Association between Lp(a) genetic variants and aortic valve disease
Two Lp(a) genotypes were evaluated. The rs10455872 allele was consistently associated with increased risk of aortic valve stenosis or sclerosis across four studies (6). In contrast, the rs3798220 variant showed no significant association with AVS (6). Chen et al. (22) reported that carriers of two risk alleles (heterozygous, homozygous, or compound heterozygous) had a two-fold higher risk of AVS compared to those with one allele.
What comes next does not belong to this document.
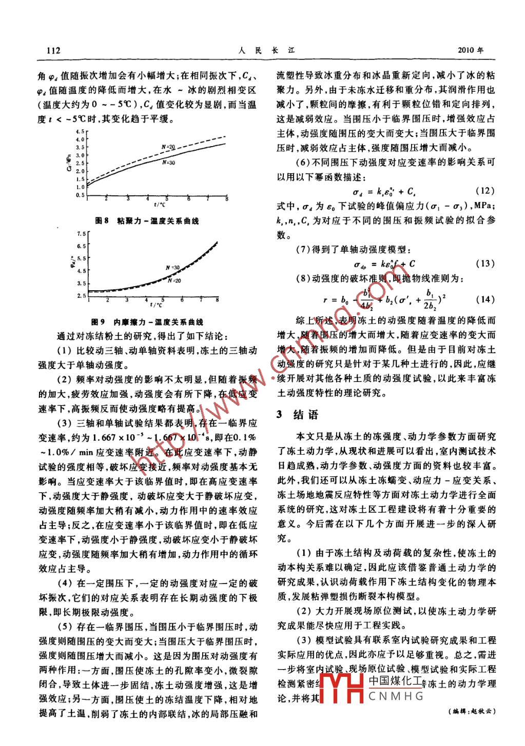第41卷增刊人民長江Vol. 41, Supplement200年11月Yangtze RiverNov.,2010文章編號:1001-479(2010)s1-0109-04凍土動力學特性分析王守,鞏立亮,烏晨曦,常顴彬,王越(1.黃河勘測規(guī)劃設(shè)計有隈公司,河南鄭州475003;2.河南黃河河務(wù)局信息中心,河南鄭州4500033.河南孟州黃河河務(wù)局,河南焦作472300;4.黃河水利職業(yè)技術(shù)學院,河南開封475003)犢要:在我因廣泛分布的特殊土一凍土具有獨特、復雜的動力學性質(zhì)和較高的致災性,與之相關(guān)的動力學問題巳成為工程界關(guān)注的焦點。為了滿足在振動荷載作用下凍土地基基礎(chǔ)設(shè)計的需要,近幾年來進行了大量凍土動力學性能研究,包括凍土的動蠕變和動強度。從一些瘳數(shù)和動強度角度介紹了凍土動力學的研究現(xiàn)狀概迷了研究和試驗的過程以及從中得出的結(jié)論,并就今后的研究方向和研究重點提出了的建議。關(guān)锽詞:凍土;動蠕變;動強度;動力學棗數(shù);動力學特性中圖法分類號:P642.14文獻標志碼:A凍土的動力學特性是寒區(qū)地球物理勘探、爆破開(即強度試驗)兩種。恒應力幅值動荷載試驗是施加挖工程、抗震及有振動機械的建筑設(shè)計的重要依據(jù)之正弦變化的軸向循環(huán)周期荷載,但應力幅值保持恒定。我國大部分季節(jié)性凍土區(qū)都屬于地震活動區(qū),開即展凍土區(qū)地震反應研究,對凍土區(qū)工程建設(shè)有著十分(1)重要的意義。另外,隨著寒區(qū)工程建設(shè)的迅速發(fā)展,現(xiàn)Constant有的一些理論和方法已經(jīng)滿足不了工程建設(shè)的需求(1+因而要求人們必須對凍土的動力特性進行系統(tǒng)而深入的研究。本文將主要從動強度和動力學參數(shù)方面來介恒應變速率等幅動應變試驗是控制應變變幅的紹凍土動力學的研究現(xiàn)狀。上、下界隨時間以同一速率等速增長,且應變變幅保持不變。1凍土的動力學參數(shù)及測試方法1.1.2共振柱法凍土的動力學參數(shù)主要有動彈性模量E4、動剪切共振柱法適用于小應變(103~103)、高頻率模量G4和動阻尼比η及泊松比μ。(幾赫茲到幾百赫茲)范圍測試,是無損檢測。根據(jù)共1.1參數(shù)測試方法振原理,在一個圓形試樣上施加縱向激振力或扭轉(zhuǎn)激目前用于凍土動力學參數(shù)測試的主要手段有動振力改變振動頻率使其產(chǎn)生共振,由共振頻率、試樣三(單)軸試驗法、共振柱法和波速法。尺寸邊界條件求得試樣的動模量,計算公式為:1.1.1動三(單)軸試驗法2PfH、E4=Q((4)B動三(單)軸試驗法適用于大應變(10~10-)2Pf,H低頻率(零點幾赫茲到十幾赫茲)范圍測試,可以模擬(5地震動荷載作用是目前使用最多的一種方法。圍壓式中,為共振頻率阻尼比通過自振法得到,即給試R1=0時為動單軸試驗。加載方式分恒應力幅值動荷件施加一個初始角位移,之后突然釋放試樣就處于自載(即蠕變試驗)和恒應變速率等幅動應變振動試驗由振動狀態(tài)。中國煤化工CNMHG收稿日期:2010-10-19作者簡介:王寧,男,助理工程師,主要從事土工試驗工作。E-mail:50372307@ qq. cont110人民長江2010年A的方程來描述,即:E/G AlnH +B(10)式中,A為第N次的振幅,A為第N+m次的振幅。式中,H為負溫絕對值;A和B是與土質(zhì)和含水率有關(guān)1.1.3波速法的參數(shù)。而且,顆粒越粗,動彈性模量和動剪切模量就波速法也是無損檢測,模擬地震波在土體中的傳越大。凍土的動泊松比隨著溫度的降低而減小。播,利用聲波儀測得縱波及橫波波速,從而求得土的動彈性模量、動剪切模量及動泊松比,計算公式為:黃士{u=18.86%)3pv(vp-3v)36±(u=3100%)EV: -V(8)Vp-2vs圖1動彈性模量與溫度關(guān)系V2-V2式中,V為縱波波速;V為橫波波速;p為密度。黃士(=18.8%)1.2凍土動力學特性分析貼土(u=31.00%)1.2.1動彈性模量、動剪切模量和動泊松比凍土的動彈性模量E4和動剪切模量G是凍土動超度/C力學參數(shù)中的重要指標,影響它們的主要因素有土質(zhì)、圖2動剪切模量與溫度關(guān)系含水量、溫度、圍壓頻率、應變幅值和應力等。目前已黏土(u=31.0%)得到普遍認可并通過3種試驗方法都得到的結(jié)論是:→篾土(u=18.86%(1)凍土的動彈性模量E與動剪切模量G4的變化規(guī)律相似;(2)土質(zhì)不同,E不同,凍土的E比未凍土的大土u=17,60兩個量級或更多粗顆粒土的E4大于細顆粒土的EA;(3)動模量隨溫度降低而增大,隨頻率加快而變圖3動泊松比與溫度關(guān)系大,隨應變幅值的增大而減小。圖4-6為一定溫度下凍結(jié)粘土與凍結(jié)黃土的動(4)隨著圍壓的增大,E總體上呈現(xiàn)出降低的趨彈性模量、動剪切模量及動泊松比隨含水率的變化曲勢,這種趨勢在粗粒土中的表現(xiàn)比細粒土的較為明顯,線。此外,可能還存在一個臨界圍壓,當圍壓變大時,E4先莫士(=-10°c)變大后變小,而在臨界圍壓處達到最大。當前,很多有關(guān)凍土動力學特性的研究工作都是5050針對某一種土質(zhì)和某一種方法進行的。下述試驗是王t(=-5·c)大雁、朱元林等人運用UVM-2型聲速測定儀,測定的不同含水率的凍結(jié)砂土、凍結(jié)黃土和凍結(jié)粘土在不同溫度下的超聲波波速(縱波波速和橫波波速),試驗圖4動彈性模量與含水率的關(guān)系土質(zhì)為哈爾濱粘土、蘭州黃土(粉土)及北京細砂。根由圖4~6可見:在低含水率范圍內(nèi)的凍結(jié)黃土,據(jù)彈性理論利用所測得的超聲波波速計算了被測凍其動彈性模量和動剪切模量隨

Table 2 below shows the characteristics and findings of the included studies.
Discussion
This systematic review confirms a robust, dose-dependent association between elevated Lp(a) and CAVD, despite heterogeneity across study designs. Concentrations ≥50 mg/dl were reliably associated with disease risk (12, 13, 15, 19), while thresholds around ≥30 mg/dl yielded mixed findings (12, 15, 20). Elevated Lp(a) has also been implicated in disease progression, accelerating hemodynamic deterioration and adverse outcomes (13, 25), although Kaiser et al. (16) observed associations only with incident, not progressive, AVC.
Genetic determinants provide strong causal evidence. Variants such as rs10455872 consistently predict elevated Lp(a) and higher risk of CAVD (3, 6, 22). Carriage of multiple risk alleles more than doubled AS risk, with stronger effects in younger and male populations (12, 22). Instrumental variable analyses suggest a relative genetic risk of 1.6 for AS with a tenfold increase in Lp(a) (5, 6). These findings align with the biological mechanism whereby fewer kringle IV type 2 (KIV-2) repeats produce smaller apo(a) isoforms that are synthesized at higher rates, leading to elevated plasma concentrations.
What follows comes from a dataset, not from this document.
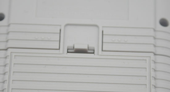Toujours à l’arrière mais un peu plus bas, on peut apercevoir les boutons L et R. Oui oui regardez bien !! Ils sont là juste au dessus de l’emplacement pour les piles.
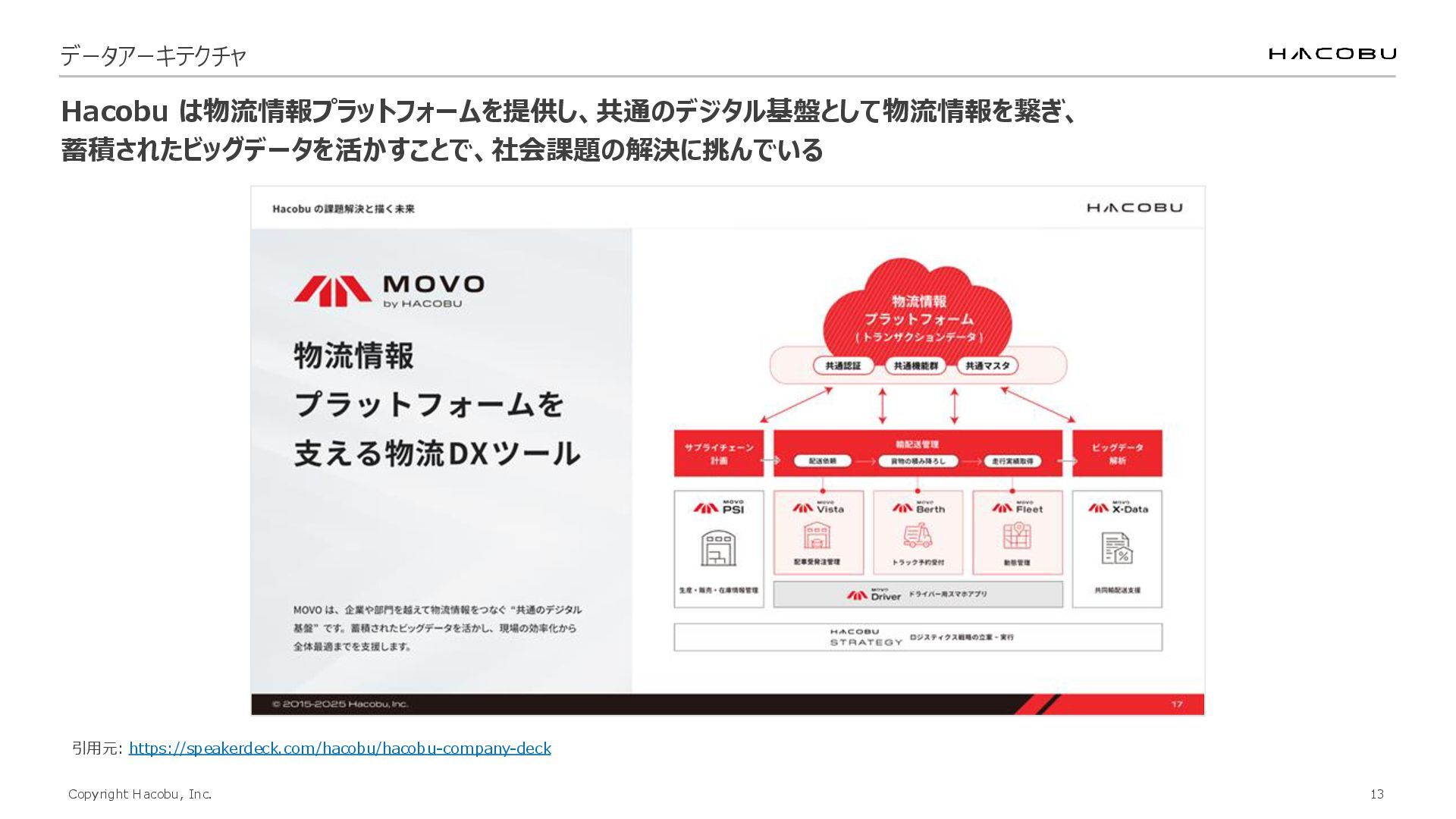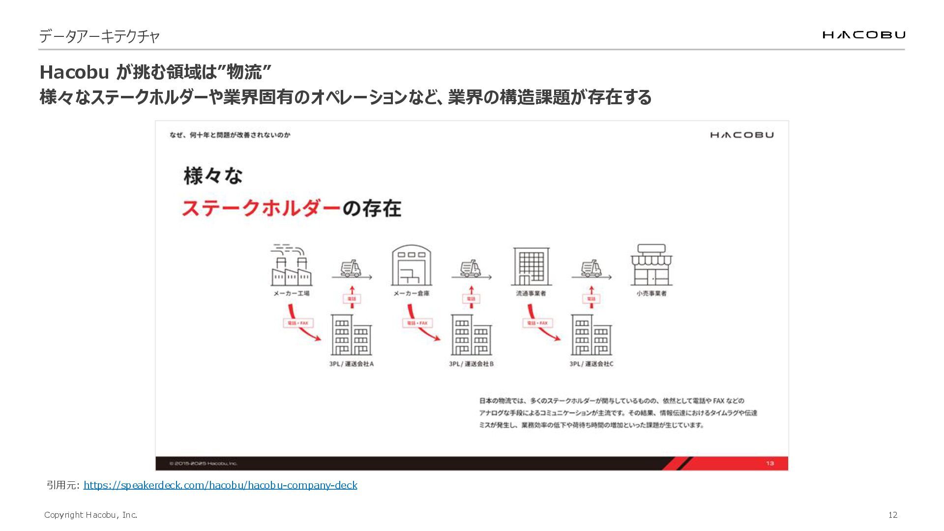 Copyright Hacobu, Inc. 12 データアーキテクチャ Hacobu が挑む領域は”物流” 様々なステークホルダーや業界固有のオペレーションなど、業界の構造課題が存在する 引用元: https://speakerdeck.com/hacobu/hacobu-company-deck

Ethnic variability was also evident. Afro-Caribbean and Caucasian individuals demonstrated the strongest associations (15, 28), whereas South Asian, Hispanic, and Chinese populations showed weaker or inconsistent links (15, 28). Interestingly, despite lower median levels in Caucasians compared to Afro-Caribbeans, subclinical CAVD was more prevalent in the former (15), suggesting complex gene–environment interactions.
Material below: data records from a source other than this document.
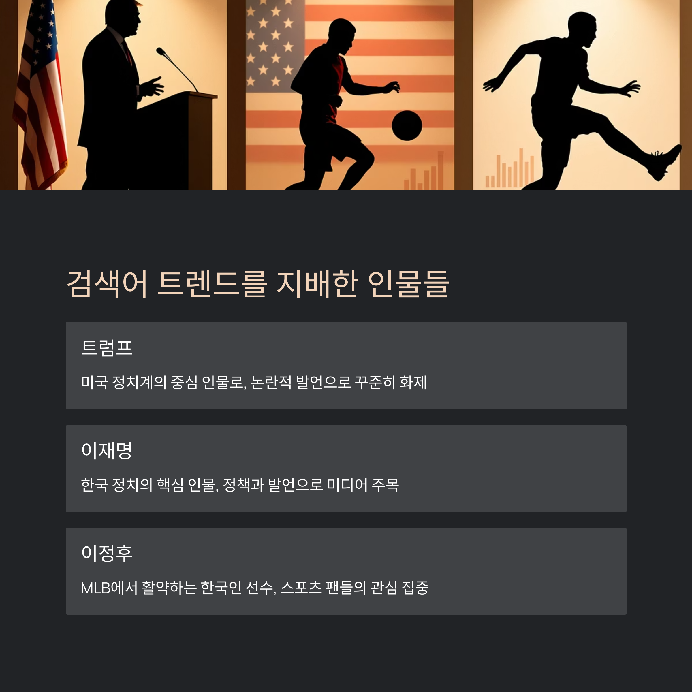 2025년 상반기, 트럼프, 이재명, 이정후는 각자의 분야에서 두각을 나타내며 검색어 상위권을 차지했습니다. 이들의 공통점은 대중의 관심을 끌어모은 전략에 있습니다. 이 글에서는 이들이 어떻게 검색어 상위에 올랐는지, 그 배경과 전략을 7가지 알고리즘 법칙으로 분석합니다.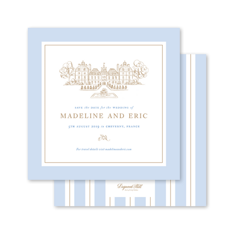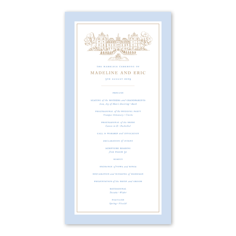 Each invitation comes with a blank inner and outer envelope and return address printing on the outer envelope flap. Envelope liner and recipient address printing for each envelope may be purchased for an additional cost on the main collection page.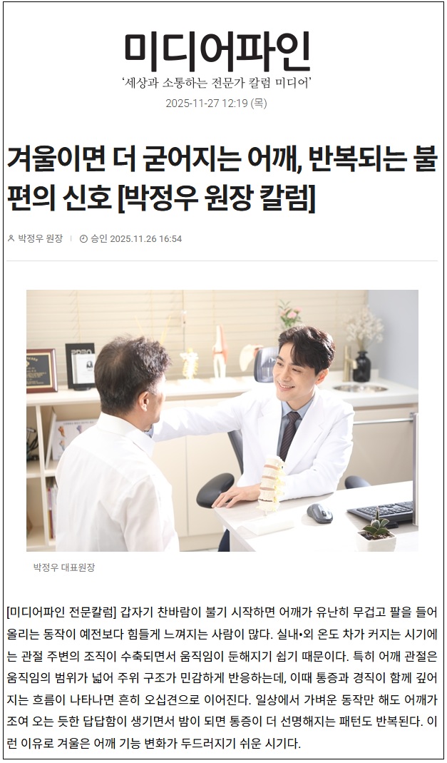 겨울이면 더 굳어지는 어깨, 반복되는 불편의 신호 [박정우 원장 칼럼]

Mechanistically, Lp(a) is increasingly recognized as a multifactorial driver of CAVD. Circulating Lp(a) carries oxidized phospholipids (OxPLs), which promote endothelial activation, inflammatory cell infiltration, and osteogenic signaling (e.g., bone morphogenetic proteins), thereby accelerating valve fibrosis and calcification in a manner paralleling atherosclerosis (26, 27). Oxidized Lp(a) also impairs fibrinolysis and potentiates thrombosis, further contributing to valvular injury. A conceptual framework can thus be summarized:
Therapeutically, conventional lipid-lowering therapies have limited impact on Lp(a). Statins are ineffective and may modestly increase levels (29, 30), whereas PCSK9 inhibitors provide modest reductions (∼20%–25%) and have demonstrated cardiovascular benefit in outcomes trials, partly attributable to Lp(a) lowering (31, 32). More potent agents are in development: siRNAs (Olpasiran) reduce Lp(a) by up to 90% (33) and are under evaluation in the Phase 3 OCEAN[a]-Outcomes trial (NCT05581303); ASOs (Pelacarsen) reduce Lp(a) by ∼80% (34), with the large HORIZON trial underway. ANGPTL3 inhibitors also show potential in lowering Lp(a) alongside other lipids (35). These developments highlight a paradigm shift toward precision therapeutics for genetically mediated risk factors such as Lp(a).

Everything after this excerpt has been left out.